Alternatives to wires, such as colored or reflective paints or tapes, do not need a supply of power, and this gives them an advantage. Tape is easy to remove and put somewhere else; this is difficult to do with paint and practically impossible with wires embedded in concrete. However, tape is obscured by snowfall; and at night, glare from oncoming headlights might be confused for reflections from the tape.

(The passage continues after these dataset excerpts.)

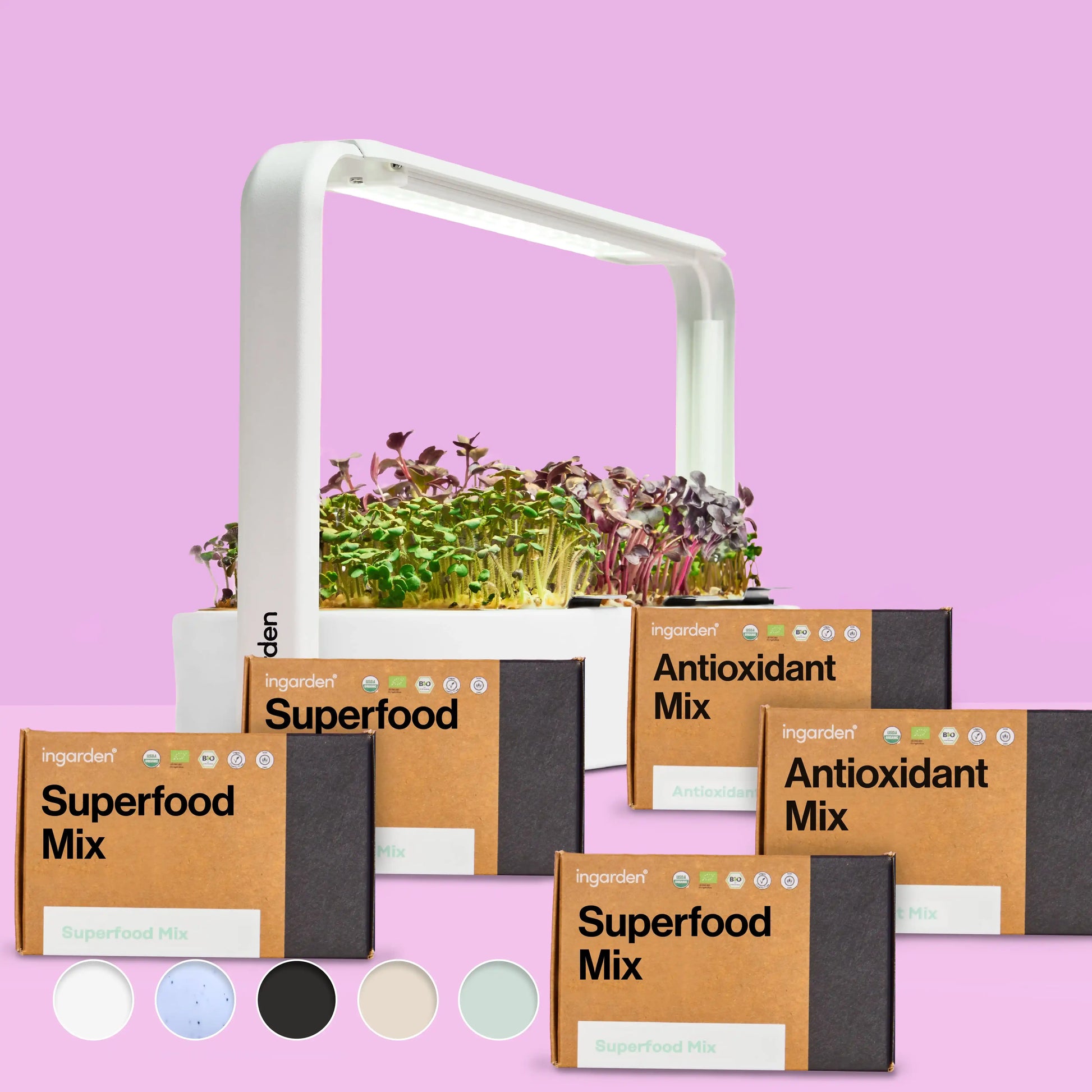Zieh dir Bio-Microgreens mit bis zu 40x mehr Nährstoffen als herkömmliches Gemüse – im designprämierten Smart Garden. Das Set enthält alles, was du zum Wachsen brauchst.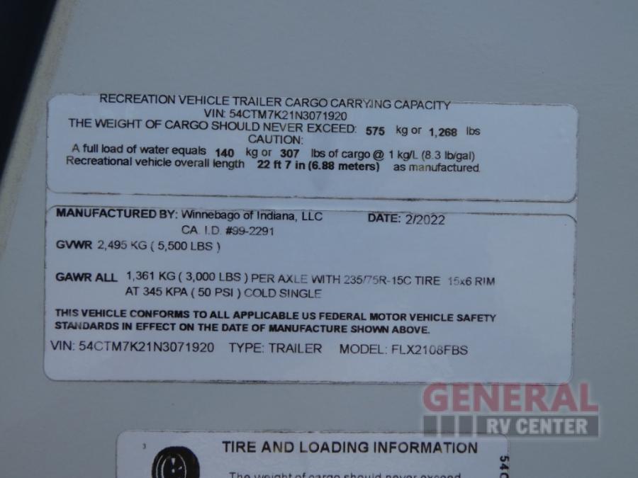 Winnebago Industries Towables Micro Minnie FLX travel trailer 2108FBS highlights: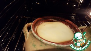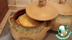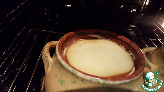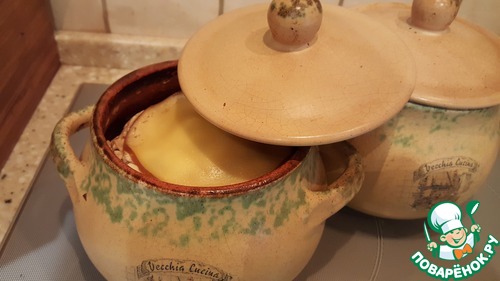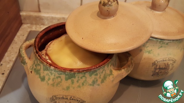 Я решила придать блюду лёгкий аромат копчения, добавив за 10 минут до готовности по кружочку колбасного сыра в каждый горшочек.

Range Sensing and Plotting

Range sensing is the measurement of distances to objects in a robot’s environment in a single dimension. Range plotting is the creation of a graph of the distance (range) to objects, as a function of the direction in two or three dimensions.
 
In linear or one-dimensional (1D) range sensing, a signal is sent out, and the robot measures the time it takes for the echo to come back. This signal can be sound, in which case the device is sonar. Or it can be a radio wave; this constitutes radar. Laser beams can also be used. Close-range, one-dimensional range sensing is known as proximity sensing.
 
Two-dimensional (2D) range plotting involves mapping the distance to various objects, as a function of direction in a geometric plane. The echo return time for a sonar signal, for example, might be measured every few degrees around a complete circle in the horizontal plane, resulting in a set of range points. A better plot would be obtained if the range were plotted every degree, every tenth of a degree, or even every hundredth of a degree. But no matter how detailed the direction resolution, a 2D range plot is done in only one plane, such as the floor level in a room, or some horizontal plane above the floor. The greater the number of echo samples in a complete circle (that is, the smaller the angle between samples), the more detail can be resolved at a given distance from the robot, and the greater the distance at which a given amount of detail can be resolved.
 
Three-dimensional (3D) range plotting is done in spherical coordinates: azimuth (compass bearing), elevation (degrees above the horizontal), and range (distance). The distance must be measured for a large number of diverse orientations. In a furnished room, a 3D sonar range plot would show ceiling fixtures, things on the floor, objects on top of a desk, and other details not visible with a 2D plot. The greater the number of echo samples in a complete sphere surrounding the robot, the more detail can be resolved at a given distance, and the greater the range at which a given amount of detail can be resolved.